Swedish journalist (born 1977)

Johan Niklas Börje Hilton (born "Friberg", May 31, 1977), is a Swedish journalist and author.

== Background ==
Hilton has been a recurring broadcaster on Sveriges Radio P1 and P3, including programmes such as Kvällspasset and Hilton in P1. He has, as a cultural journalist and theater critic, previously been active on the website Nummer.

Between 2008 and 2012 he was deputy culture manager of Expressen and was also their literary and theater editor. In 2012 he took over as manager of Arenagruppens publisher Atlas. In January 2016 Hilton left Atlas to instead work as editor and theater criticer at Dagens Nyheter.

Hilton's book No Tears for Queers, a crime reportage about hate crime, including the Matthew Shepard case, was awarded the Book of the Year at Gaygalan 2005 and the Year's Reading of the Nöjesguiden the same year.

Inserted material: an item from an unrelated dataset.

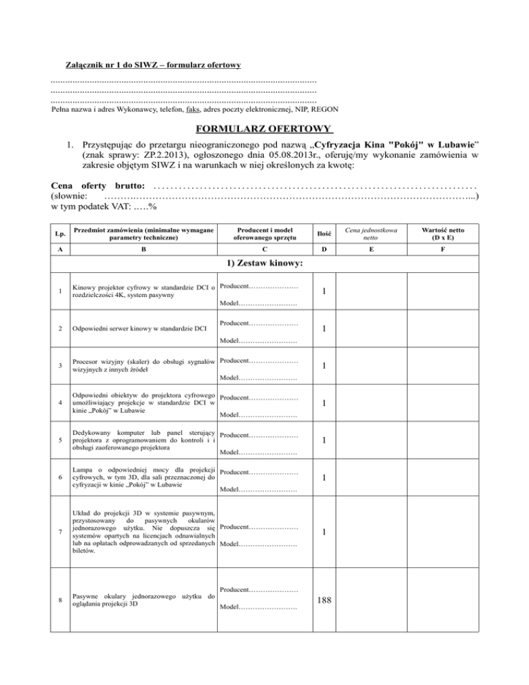 Załącznik nr 1 do SIWZ – formularz ofertowy ............................................................................................................. ............................................................................................................. ............................................................................................................. Pełna nazwa i adres Wykonawcy, telefon, faks, adres poczty elektronicznej, NIP, REGON FORMULARZ OFERTOWY 1. Przystępując do przetargu nieograniczonego pod nazwą „Cyfryzacja Kina "Pokój" w Lubawie” (znak sprawy: ZP.2.2013), ogłoszonego dnia 05.08.2013r., oferuję/my wykonanie zamówienia w zakresie objętym SIWZ i na warunkach w niej określonych za kwotę: Cena oferty brutto: . . . . . . . . . . . . . . . . . . . . . . . . . . . . . . . . . . . . . . . . . . . . . . . . . . . . . . . . . . . . . . . . . . . . . . . . . . . . . (słownie: ……….…………………………………………………………………………………………...) w tym podatek VAT: .….% Lp. Przedmiot zamówienia (minimalne wymagane parametry techniczne) Producent i model oferowanego sprzętu Ilość Cena jednostkowa netto Wartość netto (D x E) A B C D E F 1) Zestaw kinowy: 1 2 Kinowy projektor cyfrowy w standardzie DCI o Producent………………… rozdzielczości 4K, system pasywny Model……………………. Odpowiedni serwer kinowy w standardzie DCI Producent………………… 1 1 Model……………………. 3 Procesor wizyjny (skaler) do obsługi sygnałów Producent………………… wizyjnych z innych źródeł Model……………………. 1 4 Odpowiedni obiektyw do projektora cyfrowego Producent………………… umożliwiający projekcje w standardzie DCI w kinie „Pokój” w Lubawie Model……………………. 1 5 Dedykowany komputer lub panel sterujący Producent………………… projektora z oprogramowaniem do kontroli i i obsługi zaoferowanego projektora Model……………………. 1 6 Lampa o odpowiedniej mocy dla projekcji Producent………………… cyfrowych, w tym 3D, dla sali przeznaczonej do cyfryzacji w kinie „Pokój” w Lubawie Model……………………. 1 7 Układ do projekcji 3D w systemie pasywnym, przystosowany do pasywnych okularów jednorazowego użytku. Nie dopuszcza się Producent………………… systemów opartych na licencjach odnawialnych lub na opłatach odprowadzanych od sprzedanych Model……………………. biletów. 1 8 Producent………………… Pasywne okulary jednorazowego użytku do oglądania projekcji 3D Model……………………. 188 Cyfryzacja Kina "Pokój" w Lubawie 9 Odpowiedni stolik pod zestaw cyfrowy Producent………………… 1 Model……………………. 10 Dostawa, instalacja, uruchomienie i zestrojenie urządzeń wraz z niezbędnym wyposażeniem kina cyfrowego oraz szkolenie kinooperatorów --- 1 1) Łącznie netto: 2) Zestaw nagłośnieniowy i pozostały przedmiot zamówienia 11 Ekran do projekcji 3D materiału „srebrnego metalizowanego” Producent………………… Model……………………. 1 12 Procesor kinowy cyfrowy, odpowiedni dla Producent………………… współpracy z serwerami kina cyfrowego Standardu DCI Model……………………. 1 13 Szafa aparaturowa, rack 19”, okablowana z panelem zasilająco bezpiecznikowym, Producent………………… wyposażona w monitor odsłuchowo – kontrolny, umożliwiający kontrolę pracy poszczególnych Model……………………. kanałów systemu nagłośnienia kina 1 14 Wzmacniacz mocy – np. DSI 2000 Crown lub równoważny. Kinowy wzmacniacz mocy z wbudowanym procesorem dla głośników zaekranowych ScreenArray ( Lewy, Centralny, Prawy). Procesor zawiera zwrotnice, graficzny Producent………………… EQ, limiter, linie opóźniające. Moc: 2x1000W/2, 2x800W/4, br.1x2000W/4, 1x1600W/8, zakres Model……………………. odtwarzanych częstotliwości: 20Hz-20kHz, zniekształcenia harmoniczne 0,5%-1%, stosunek sygnał/szum: > 100dB 6 15 Głośnik zaekranowy – np. JBL 3732 lub równoważny. Trójdrożna kolumna głośnikowa zaekranowa przeznaczona dla kanałów: Lewy, Producent………………… Centralny, Prawy. Moc:LF-500W;M/HF -150W Zakres odtwarzanych częstotliwości (+/- dB): 30Hz-20 kHz, częstotliwość podziału: 350 Hz, Model……………………. max. poziom odtwarzanego sygnału :125 dB @ 1m. 3 16 Głośnik superbasowy – np. JBL 4642 A lub równoważny. Głośnik zaekranowy przeznaczony Producent………………… dla kanału superbasowego, wyposażony w osłony membran typu "grill" i koła jezdne. Moc: 1200W, Model……………………. poziom odtwarzanego sygnału: 101 dB SPL 1 17 Głośnik efektowy (surround) – np. JBL 8340A lub równoważny. Dwudrożny głośnik efektowy przeznaczony do systemów analogowych i Producent………………… cyfrowych. Zakres odtwarzanych częstotliwości (+/- dB): 45Hz-18kHz, kąty pokrycia (poziom x pion):100˚ x 80˚, moc przy ciągłym różowym Model……………………. szumie: 250W, moc muzyczna: 500W, poziom odtwarzanego sygnału: 96 dB@ SPL. 12 18 Montaż urządzeń w szafie Rack, wykonanie instalacji elektroakustycznej i przyłącza na scenie, regulacje, przeszkolenie obsługi. Komplet niezbędnego okablowania głośnikowego i sygnałowego montaż z uruchomieniem i zestrojeniem systemu DCI. --- 1 Str. 2/6 Cyfryzacja Kina "Pokój" w Lubawie 19 Okulary pasywne, jednorazowego użytku do systemu 3D w tym: Producent………………… - 3 000 sztuk okularów przeznaczonych do oglądania dla osób dorosłych - 3 000 sztuk okularów przeznaczonych do Model……………………. oglądania dla dzieci 6000 2) Łącznie netto: Razem wartość netto (poz. 1 + 2) Razem wartość brutto 2. Oświadczam(y), że oferowany sprzęt spełnia minimalne, określone przez Zamawiającego, parametry techniczne. 3. Oświadczam(y), że wykonam(y) przedmiot

In the autumn of 2009, a play based on the book had its premiere at the National Swedish Touring Theatre. The play has since then been performed in several European countries, such as the Czech Republic and Slovenia.

In August 2015, Hilton's second book, Monster i garderoben, was published. It is about Anthony Perkins and the time that created Norman Bates. Monster i garderoben was nominated for the August Prize 2015 and for the book of the year on Gaygalan, also in 2015.

The season 2016/17, Hilton competed with Kristin Lundell in the TV show På spåret, where they won the competition.

== Publications ==

- No Tears for Queers ISBN 9789173893947
- Monster i garderoben ISBN 9789127134300
- Vi är orlando

== Personal life ==
Johan Hilton is married and currently living in Stockholm.